突然ですが、かつて私が製作した「Yさんのウクレレ」「Rさんのウクレレ」に装着した黒いペグ、憶えていますか?
一見、バイオリン用のエボニー製ペグなのですが、本体内部に遊星ギアが内蔵されていて細かなチューニングが可能になるというフシギなペグです。私はKnilling社のペグ(バイオリン用)を加工して使いましたが、このほどウクレレ用としてPegheds社から発売されているペグが日本でも買える様になったそうなので、製作ネタとしてお知らせさせていただきます。取扱店は123MUSICというお店です。
※ この情報はMATT小林さんのブログ「MATTのひとりごと」で紹介されました。日本における取り扱い店「123MUSIC」と、このペグや遊星ギアの解説など詳細な情報が記述されていますので、先に「MATTのひとりごと」の記事をご一読されることをお勧めいたします。
後追いにて弊ブログにおいてもご紹介させていただくものですが、この機会に弊ブログでは主にこのペグ(Knilling社の方ですが)を使ったウクレレ製作の現場やPegheds社のウクレレ用ペグとKnilling社のバイオリン用ペグ、さらには通常のフリクション・ペグとの違いなどをご紹介いたしましょう。
以前に私が採用したのはKnilling社のPerfectionというペグでしたが、それ以前にPegheds社から同等品が発売されていた様です。しかしいつしかPegheds社の製品が流通しなくなり、私はタイミング的にKnilling社のペグを使ったというのが実情です。両社の関係やいきさつはここでは触れませんが、ウクレレ用のペグもリリースしているのはPegheds社の方です。
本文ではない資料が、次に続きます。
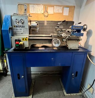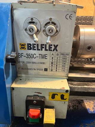 Torno paralelo de sobremesa Belflex BF-350 C-TME. - Modelo: BF-350C-TME - Motor: 220V/50Hz-0.55KW - Velocidades: 6 - Indicador CE Rango RPM desde 170r/m para roscado de materiales duros hasta 1950r/m para acabados finos. Incluye mesa bancada metálica original. RECOGER EN Barcelona 08015

Knilling社のペグをウクレレに使うには加工が必須となります。
上の写真、左がKnilling社、右がPegheds社の製品です。どちらもElderly Instrumentsから購入しました。Knillingのペグはバイオリン用なので、糸倉を貫通させるために弦通し穴より先端がさらに長く伸びています。Peghedsのウクレレ用ペグは最初から長さが適正化されています。
ボタンに「LEFT」「RIGHT」とあるのは、それぞれ取り付け位置に左右の指定があるからです。つまり、ポストに巻かれた弦のテンションがペグ本体をネジ山によってヘッドに締め付ける方向に作用する様になっている訳です。左右のペグは固定用ネジ山の向きが逆になっているのです。ちなみに、ヘッドに固定する際にはネジ山だけでは強度が不十分なのでエポキシ系の接着剤を併用するのが望ましいです。
Peghedsのウクレレ用、Knillingのバイオリン用、Groverのウクレレ用(通常のフリクション・タイプ)を並べてみました。
左の写真では、弦通し穴やネジ山の位置関係などが似て非なる物である事が判ります。ボタンは樹脂、本体(遊星ギアのハウジング)は金属製です。
右の写真を見ると、通常のペグとはまったく別物である事が理解出来ます。ヘッドに取付ける際、通常のフリクション・ペグではブッシュ径に合わせた穴を開けるだけで装着が可能になりますが、遊星ギアの2社の製品は木製ペグよろしく本体にテーパーが付いているため、取付け穴自体もテーパー加工する必要があります。
ですから(恐らく殆どの場合)、一般的なフリクション・ペグからPegheds(あるいはKnilling)への交換には、ヘッドに開いたペグ取付け穴を埋め直してテーパー加工する必要が生じる可能性が高いはずです。この事から、多くのユーザーにとって自分で交換作業する事への敷居を高くしていると言わざるを得ません。実際、メーカーとしてもリペアマンによる取付けを推奨しています。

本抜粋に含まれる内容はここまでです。